The city carries a great crush of dead bodies,
frightened like a kitten,
the streets are dumb amid dull footsteps.
There history stayed, and there we stayed, too.
To find out whether the rivers were sleeping,
we immersed the wood for our fires,
to discover whether the hills still slumbered,
we wandered from town to town.
When we found out these things for certain,
we were already washed away,
when we discovered these things for sure,
we had subsided with the land.
There history stayed, and we moved far behind,
branded by the Sagauli Treaty,
cursed by Sati,
we who saw Bhimsen uncremated.[6]
How long can the lamp go on burning,
wrapped in a sky of coldness?
How will the fallen trees stride out
from the banks of the Arun River?
The cock which just summoned the morning
is already plucked bare by a jackal,
a cloud has already hidden the sun
which glimmered just now on the hill.
Geography has cheated us both,
but we have defrauded history.
(no date; from Samsamayik Sajha Kavita 1983)
Bimal Nibha (B. 1952)
Like Hem Hamal, Bimal Nibha is a poet of gentle satire, and this poem mocks the escapism of the romantic nature-poetry that is still popular in Nepal.

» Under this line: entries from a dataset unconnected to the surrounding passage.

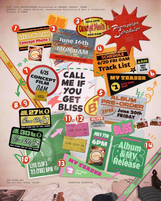 지난 9일 첫 번째 정규 앨범 ‘BLISS(블리스)’의 프롤로그 영상으로 컴백을 알린 도경수가 11일 공식 SNS에 프로모션 스케줄러를 선보이며 본격적인 컴백 예열에 나섰다.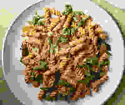 Harissa pasta & mixed nut pesto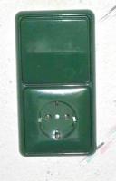 Jung, Programm CD??? (auf dem Rahmen steht 05810306) in grün, ebenfalls Zentralscheibe für 4-fach Antennendose sowie ein Steckdoseneinsatz.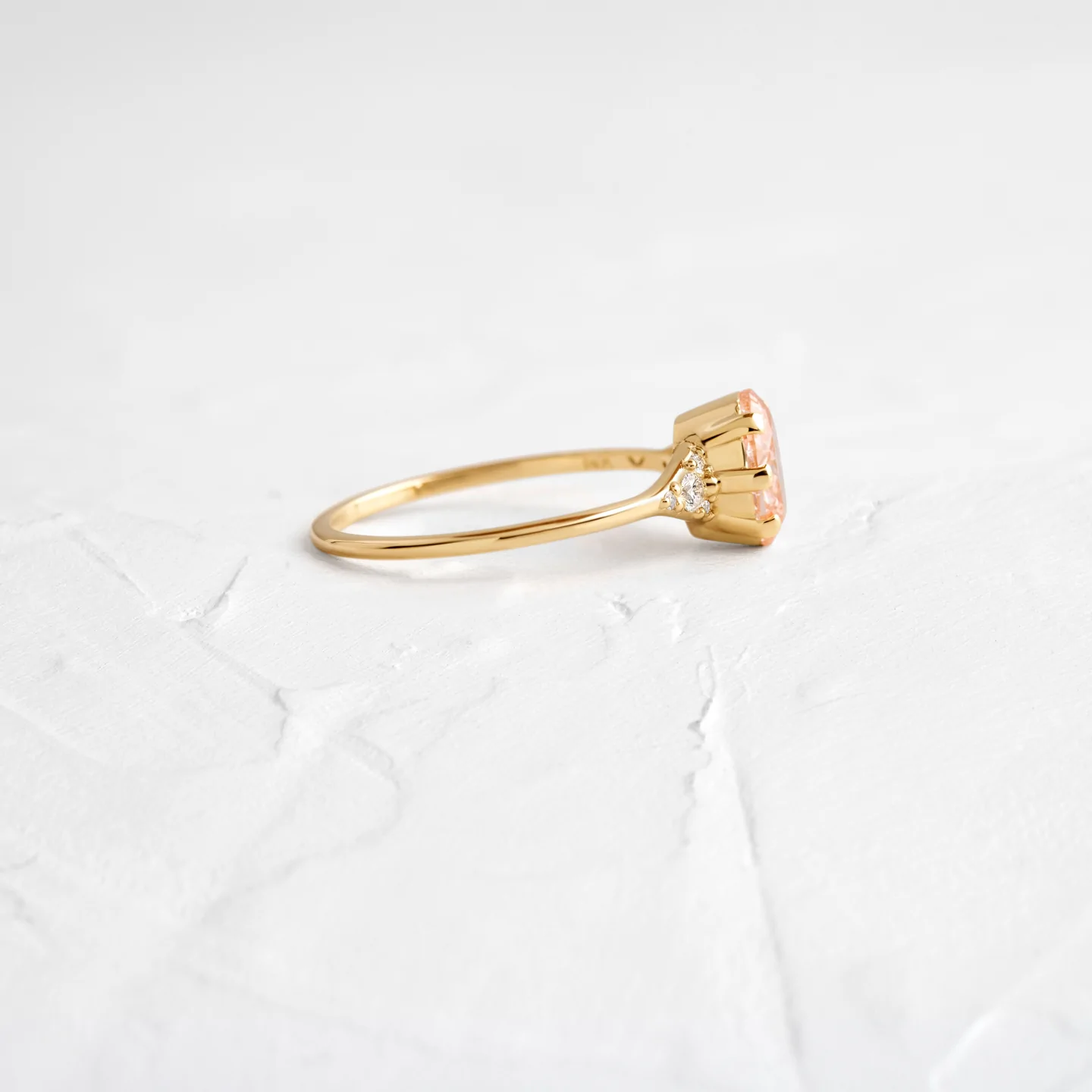 The soft pink of the diamond adds a sense of elegance and romance. The oval cut maximizes the stone’s brilliance and sparkle, making it one of those pieces that simply screams glamour. Ideal for engagements or special occasions, the ring exemplifies luxury but also adheres to eco-friendly conditions.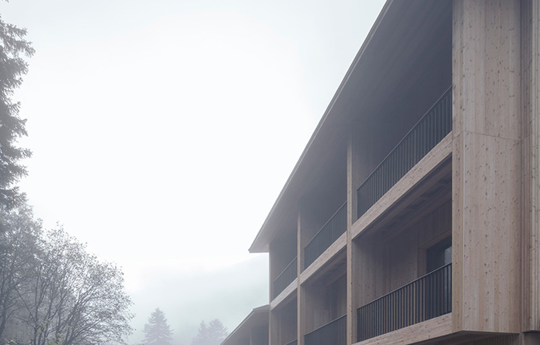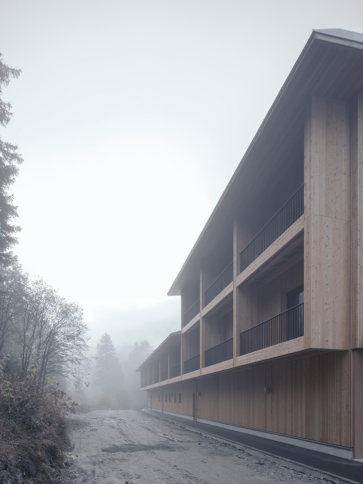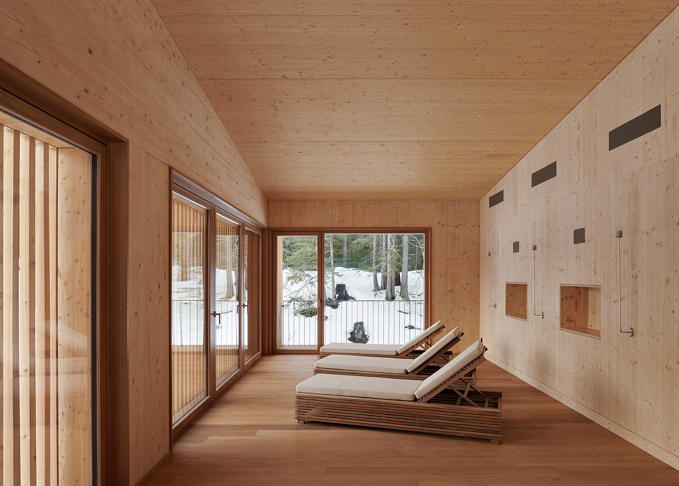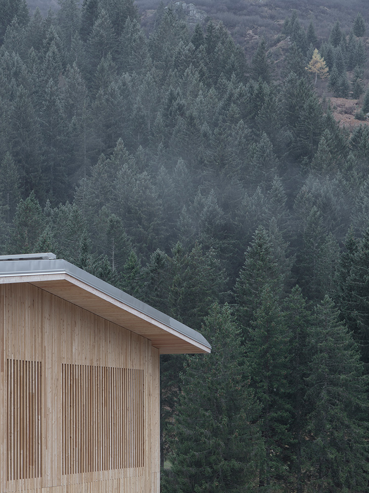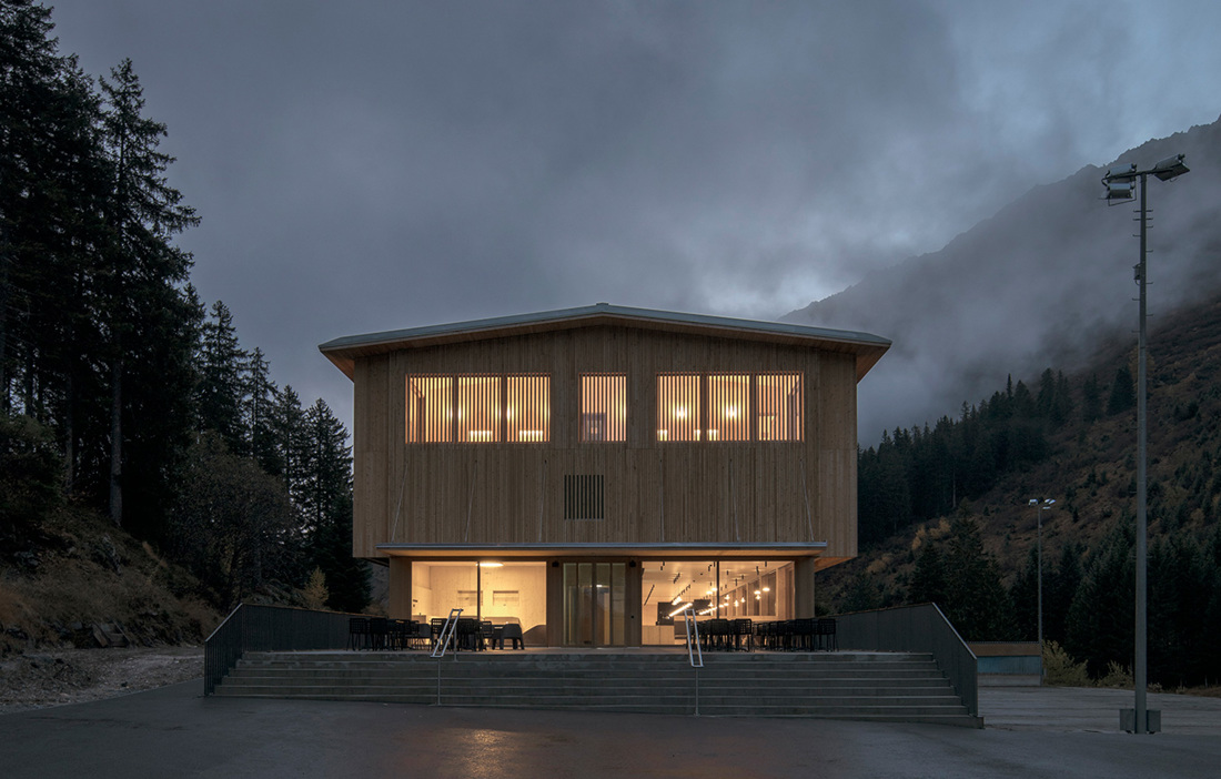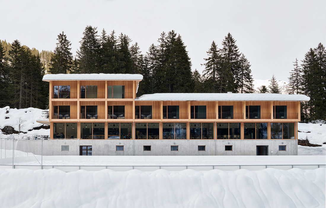 I de schweiziska alperna, 1 400 meter över havet, ligger ett center för längdskidåkning. Här samlas familjer och elitåkare för att ta del av välpreparerade spår i en vacker miljö. Sedan centret skapades under 1970-talet har det varsamt byggts ut. Det senaste tillskottet är en byggnad för umgänge och övernattning, försiktigt insmugen mellan befintliga byggnader för att inte stjäla utrymme och uppmärksamhet från den för platsen så viktiga omgivande naturen.

Are You Quite Well, Oh Poet? (Ke Tapaimlai Sanchai Cha Kaviji?)
. . . flowers of many colors bloom,
bees are buzzing, birds are singing,
the sky is clear and spotless,
the river flows by swiftly ...
... but pardon me please, oh poet,
I break the flow of your poem,
to ask you—are you quite well?
[6] The Treaty of Sagauli (1816) ended a series of military clashes between the Nepalese and the forces of the British East India Company. Because the treaty deprived Nepal of some of its most fertile territories, many felt it to have been a humiliation. Bhimsen Thapa was the commander in chief of the Nepalese army, and therefore the most powerful man in Nepal, from 1804 until his assassination in 1837. For the Nepali belief that Nepal was cursed by a sati as she mounted her husband's funeral pyre, so that altruism would never be rewarded in Nepal, see Raj (1979, 29).

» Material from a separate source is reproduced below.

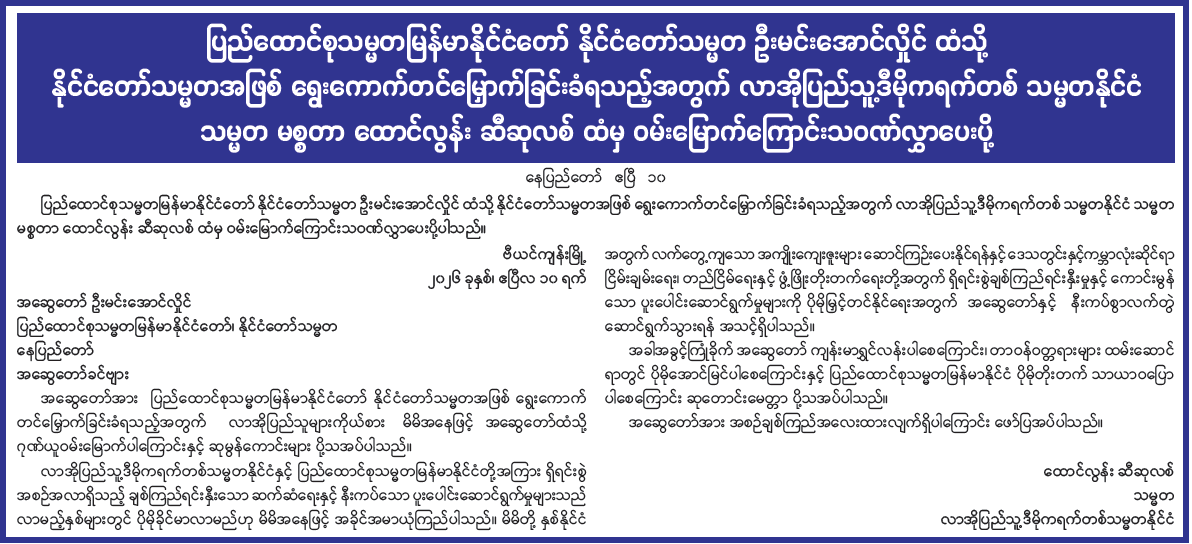 ပြည်ထောင်စုသမ္မတမြန်မာနိုင်ငံတော် နိုင်ငံတော်သမ္မတ ဦးမင်းအောင်လှိုင်ထံသို့ နိုင်ငံတော်သမ္မတအဖြစ် ရွေးကောက်တင်မြှောက်ခြင်းခံရသည့်အတွက် လာအိုပြည်သူ့ဒီမိုကရက်တစ် သမ္မတနိုင်ငံ သမ္မတ မစ္စတာ ထောင်လွန်း ဆီဆုလစ်ထံမှ ဝမ်းမြောက်ကြောင်းသဝဏ်လွှာပေးပို့
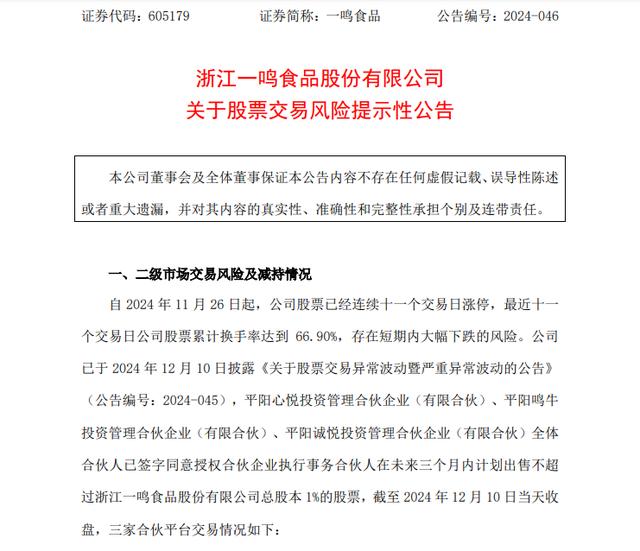 一鸣食品表示,自2024年11月26日起,公司股票已经连续十一个交易日涨停,最近十一个交易日公司股票累计换手率达到66.90%,存在短期内大幅下跌的风险。公司已于2024年12月10日披露《关于股票交易异常波动暨严重异常波动的公告》,平阳心悦投资管理合伙企业(有限合伙)、平阳鸣牛投资管理合伙企业(有限合伙)、平阳诚悦投资管理合伙企业(有限合伙)全体合伙人已签字同意授权合伙企业执行事务合伙人在未来三个月内计划出售不超过浙江一鸣食品股份有限公司总股本1%的股票,截至2024年12月10日当天收盘,三家合伙平台今日减持13.82万股。

. . . the mountains stand with heads held high,
the cascades tumble, melodious sound,
the kites are wheeling in the sky,
a flute sounds sweetly from afar,
the breeze is whispering soft ...
but pardon me please, oh poet,
I must ask you this in your poem—
have you had enough to eat?
... the moon is spreading its coolness,
the night is fragrant, the body light,
the heart is overjoyed ...
... but pardon me please, oh poet,
again I interrupt—
Is rice very cheap in the marketplace?
Is rice very cheap in the marketplace?
Have you had enough to eat today?
Are you quite well, oh poet?
(no date; from Samsamayik Sajha Kavita 1983)
Ashesh Malla (B. 1954)
Malla was born in Dhankuta, in eastern Nepal, and is also known as a successful playwright. He continues a style of verse that was first made popular by Gopalprasad Rimal. In both of the poems translated here, concern is expressed for the exodus of hill Nepalis to the cities and lowlands in search of land and employment.

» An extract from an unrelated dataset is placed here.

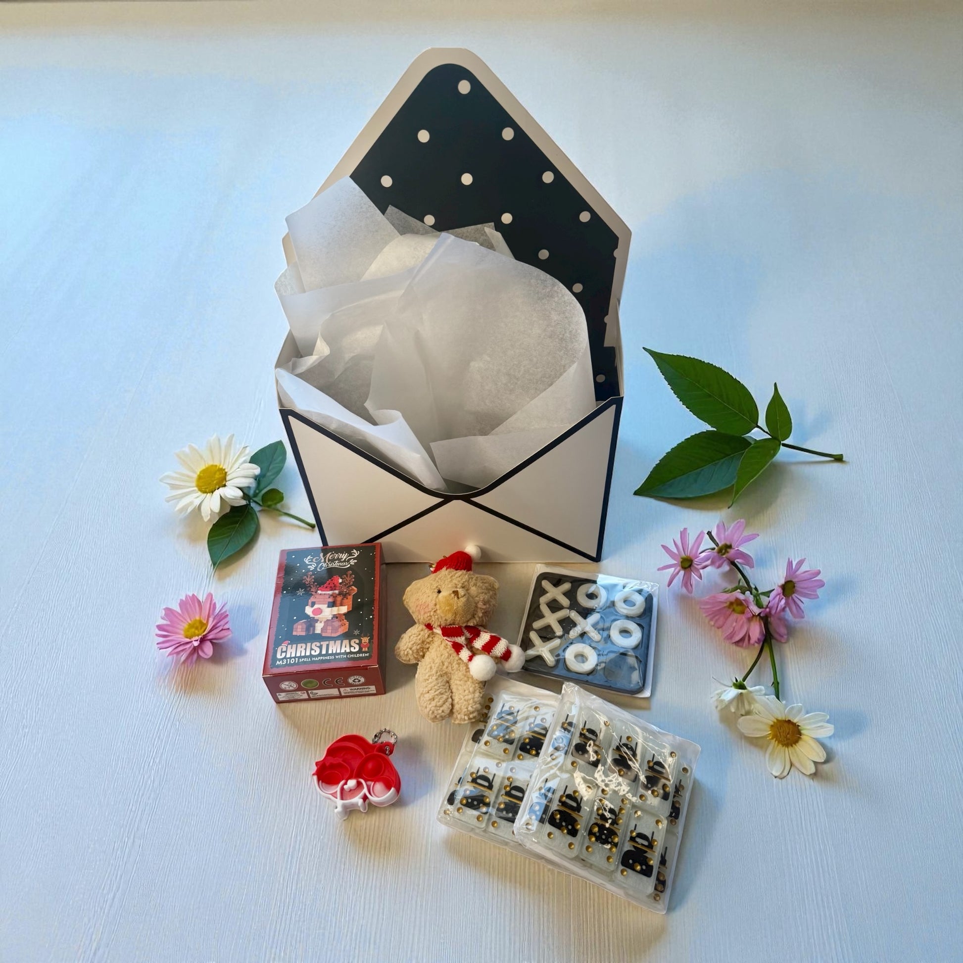 You've got mail! :) This gift box includes a one-of-a-kind robot-themed domino set made of resin. It is a unique, handmade item that has been exclusively added to this curated box.

To the Children (Tiniharulai)
Little children should gambol and play,
cheerfully, clutching books,
carefree in the streets and fields,
beneath the piece of the sky they choose,
playing any game they please,
their lips all filled with Autumn.
Why do these strange children
bear the silence of pain in their eyes?
Why do their minds' dumb voices cry
that the wounds on their feet have not healed,
that their mothers and fathers who left seeking faith
have not returned from other towns?
These children's lips should bear smiles,
new buds should bloom in their cheeks,
why do they try to hide their hands,
wearing on one side a shower of rain,
on the other a slap of wind?
Books should be tucked under their arms,
but now they can go nowhere, they cannot rise
above the town which fills their eyes.
All they need is a mind,
to be able to see,
a warm human embrace,
a father's sweet kiss,
and a breast of mother's milk.
(no date; from Samsamayik Sajha Kavita 1983)
None Returned From the Capital (Rajdhanibata Pharke Pharkenan Uniharu)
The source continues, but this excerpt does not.